According to the confusion matrix calculated based on the cosmic ray detection results of the pattern sequence including 500 short exposure SAXS measurement patterns (Fig. 4), the precision, miss rate, and false alarm rate are 87.67%, 4.93%, and 5.18%, respectively. Compared with the two comparison methods, the pattern sequence denoised by this method has the best cosmic ray rejection effect, and the MSE, PSNR, and SSIM of the method are all optimal (Fig. 5 and Table 1). Especially, PSNR of the pattern sequence increases by 5.55 dB after removing cosmic rays by this method. When the number of frames included in the pattern sequence is low and equivalent to exposure time, Poisson noise is dominant and the PSNR of the pattern sequence is so low that we need more exposure time. When the number of frames increases to about 200, cosmic rays seriously restrict the upper limit of the PSNR of the scattering pattern. However, the PSNR of the pattern sequence after denoising by this method still increases with the rising number of frames, and the growth rate of the PSNR is significantly higher than comparison methods (Fig. 6).

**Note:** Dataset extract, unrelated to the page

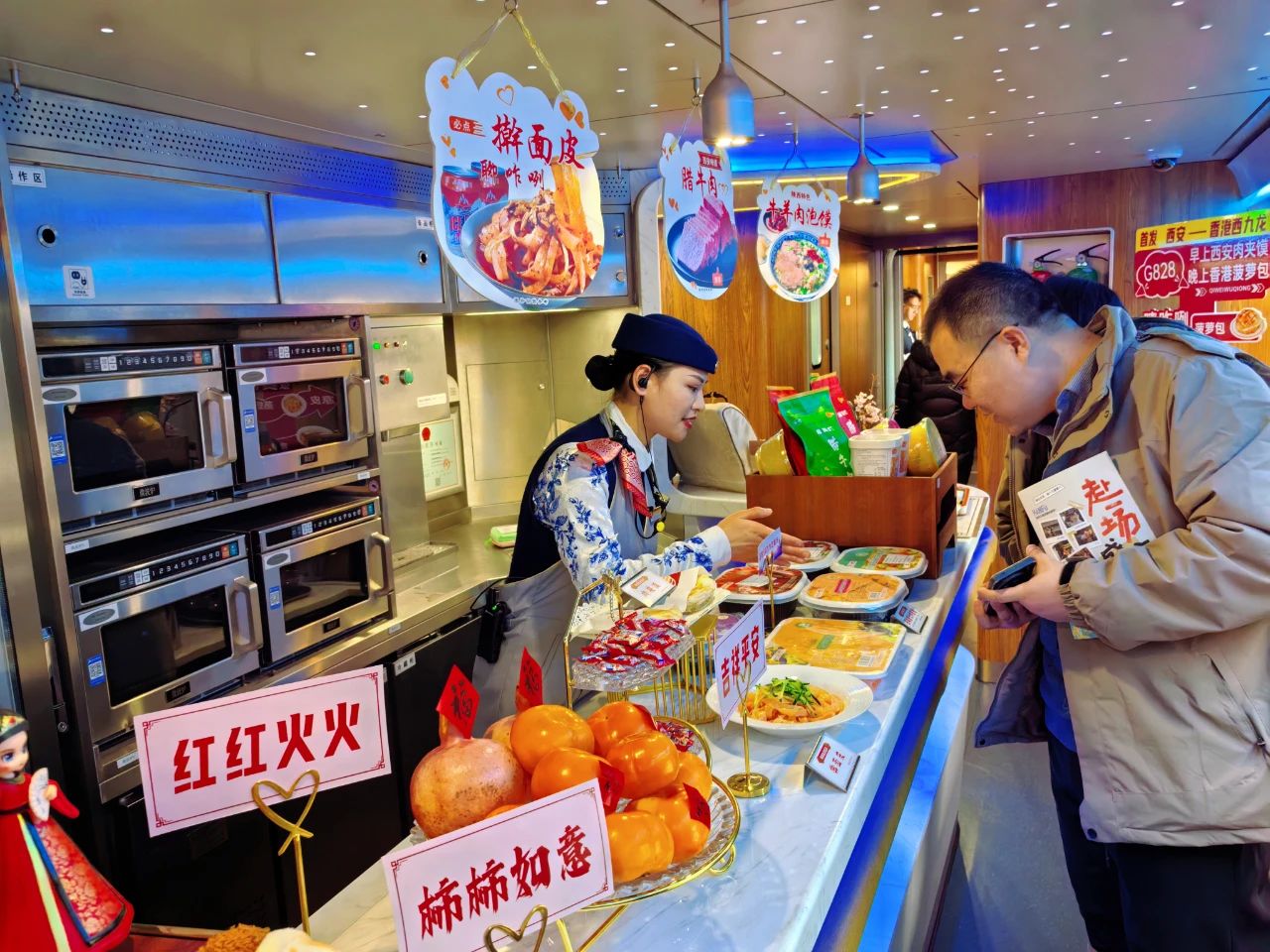 G828次列車餐吧內(nèi),旅客不僅可以享受到各種口味的平價(jià)營(yíng)養(yǎng)套餐、便捷商務(wù)快餐、健康素食快餐、特色清真餐、及陜西特色的美食“肉夾饃、涼皮、羊肉泡饃、臘牛肉”等,還特別增設(shè)了避風(fēng)塘大蝦等經(jīng)典港式風(fēng)味快餐,既保留了陜西的傳統(tǒng)風(fēng)味,又融入了香港的多元文化。當(dāng)陜西肉夾饃的醇厚與避風(fēng)塘大蝦的鮮香相互交織,為旅客們帶來一場(chǎng)跨越千里的味蕾盛宴。每一道佳肴,都承載著兩地深厚的文化底蘊(yùn),傳遞著家的溫馨和關(guān)懷。此外,宜路行公司對(duì)G828次列車上的零食、飲品也做了品質(zhì)升級(jí),配備了豐富的港式零食、咖啡奶茶、飲品、及日用百貨等,以滿足旅客的多樣化需求。

We propose a method for cosmic ray rejection in the SAXS measurement pattern of periodic nanostructures. The pattern sequence including 500 short exposure SAXS measurement patterns of periodic nanostructure samples is simulated and removed from cosmic rays by this method. According to the cosmic ray detection results, the miss rate and false alarm rate are both only about 5%, which proves that the proposed method has a sound detection effect on cosmic rays for the single frame scattering pattern. Meanwhile, the PSNR of the pattern sequence increases by 5.55 dB after removing cosmic rays by the proposed method. The PSNR gain greatly improves the extraction reliability and accuracy of the periodic nanostructure information. By analyzing the competitive relationship between Poisson noise and cosmic rays and evaluating the cosmic ray rejection performance of the proposed method in different exposure time, we find that this method can break the upper limit of PSNR caused by cosmic rays and improve PSNR of scattering pattern continuously. This proves that this method can obtain excellent PSNR gain in the long exposure integration condition. In principle, the proposed method provides a reliable cosmic ray rejection scheme for SAXS measurement patterns of periodic nanostructures, improving the detection SNR of SAXS patterns effectively. This method features a simple principle and fast operation and thus has practical significance to improve the inline metrology performance of SAXS.